--- START ---

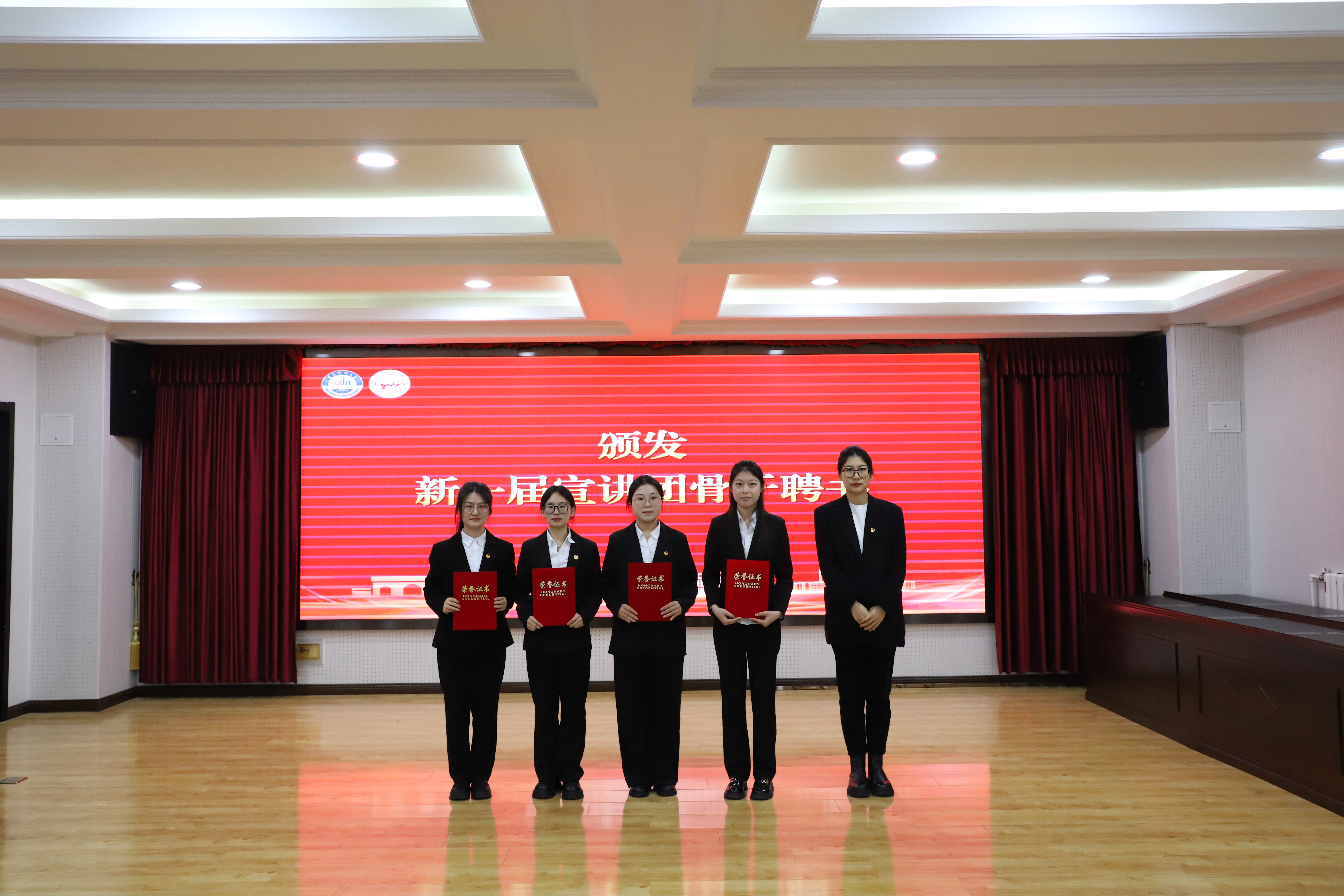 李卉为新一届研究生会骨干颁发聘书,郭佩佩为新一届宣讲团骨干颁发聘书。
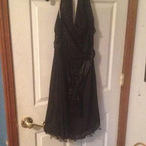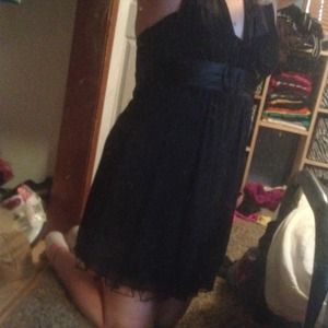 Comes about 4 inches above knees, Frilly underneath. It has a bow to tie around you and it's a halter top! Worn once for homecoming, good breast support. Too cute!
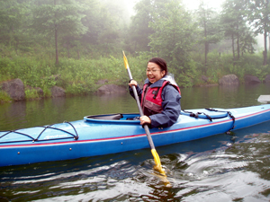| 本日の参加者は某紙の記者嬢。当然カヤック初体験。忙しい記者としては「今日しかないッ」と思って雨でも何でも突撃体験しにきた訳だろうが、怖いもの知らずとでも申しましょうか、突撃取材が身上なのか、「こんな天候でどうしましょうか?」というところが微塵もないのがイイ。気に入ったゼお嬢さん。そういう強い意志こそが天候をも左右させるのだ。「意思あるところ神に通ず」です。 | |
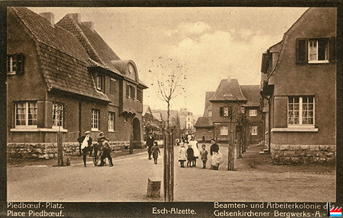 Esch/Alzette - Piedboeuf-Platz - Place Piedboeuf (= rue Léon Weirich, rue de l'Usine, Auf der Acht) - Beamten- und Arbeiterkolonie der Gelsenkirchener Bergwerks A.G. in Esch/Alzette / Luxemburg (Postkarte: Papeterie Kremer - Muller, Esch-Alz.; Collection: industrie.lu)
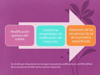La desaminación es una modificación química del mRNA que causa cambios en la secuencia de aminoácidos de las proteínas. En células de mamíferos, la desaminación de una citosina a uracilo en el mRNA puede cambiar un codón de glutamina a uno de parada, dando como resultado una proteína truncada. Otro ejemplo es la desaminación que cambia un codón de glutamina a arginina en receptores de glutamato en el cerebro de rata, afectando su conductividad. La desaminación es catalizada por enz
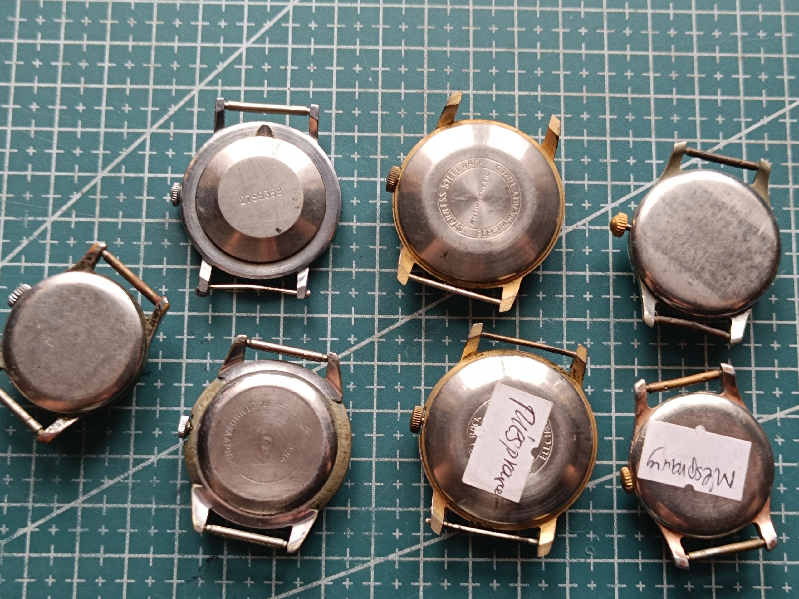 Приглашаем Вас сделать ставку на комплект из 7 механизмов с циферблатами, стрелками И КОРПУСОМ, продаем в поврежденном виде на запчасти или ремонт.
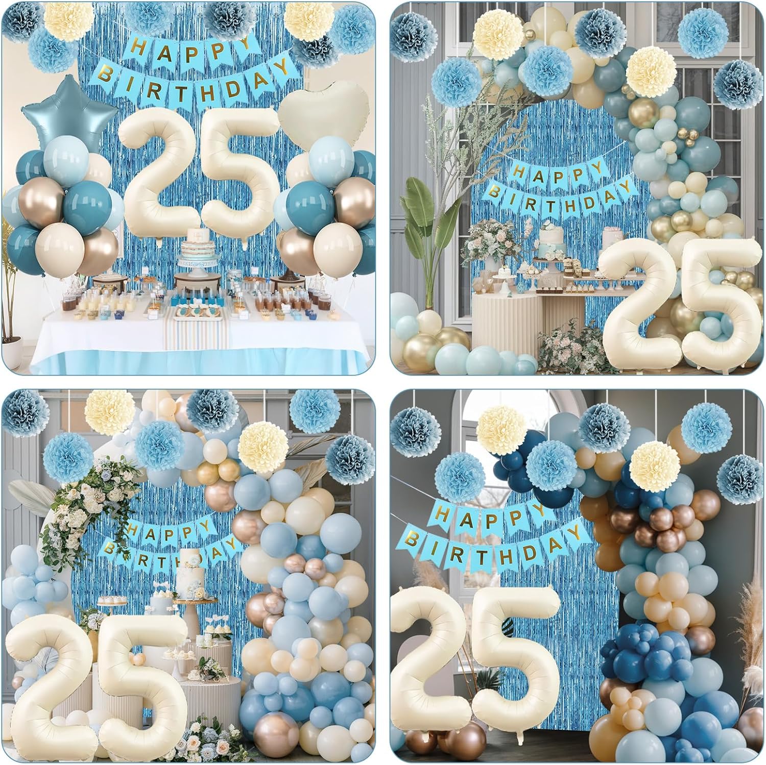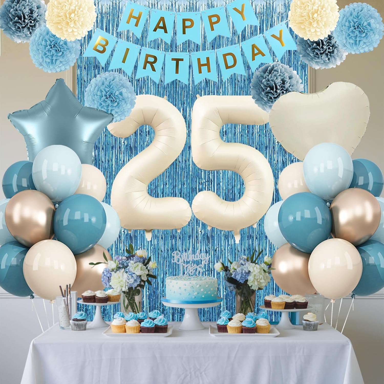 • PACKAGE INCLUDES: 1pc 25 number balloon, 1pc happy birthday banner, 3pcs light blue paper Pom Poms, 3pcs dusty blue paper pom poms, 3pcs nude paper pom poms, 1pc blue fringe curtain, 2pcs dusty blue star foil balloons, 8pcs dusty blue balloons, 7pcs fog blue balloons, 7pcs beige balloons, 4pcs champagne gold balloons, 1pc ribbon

--- END ---

◆ Exercise instructions
From the line with "Приглашаем Вас сделать" through the last line of the entries above, transcribe everything exactly, both ends included, but not the pictures.

◆ Your solution
 Приглашаем Вас сделать ставку на комплект из 7 механизмов с циферблатами, стрелками И КОРПУСОМ, продаем в поврежденном виде на запчасти или ремонт.
 • PACKAGE INCLUDES: 1pc 25 number balloon, 1pc happy birthday banner, 3pcs light blue paper Pom Poms, 3pcs dusty blue paper pom poms, 3pcs nude paper pom poms, 1pc blue fringe curtain, 2pcs dusty blue star foil balloons, 8pcs dusty blue balloons, 7pcs fog blue balloons, 7pcs beige balloons, 4pcs champagne gold balloons, 1pc ribbon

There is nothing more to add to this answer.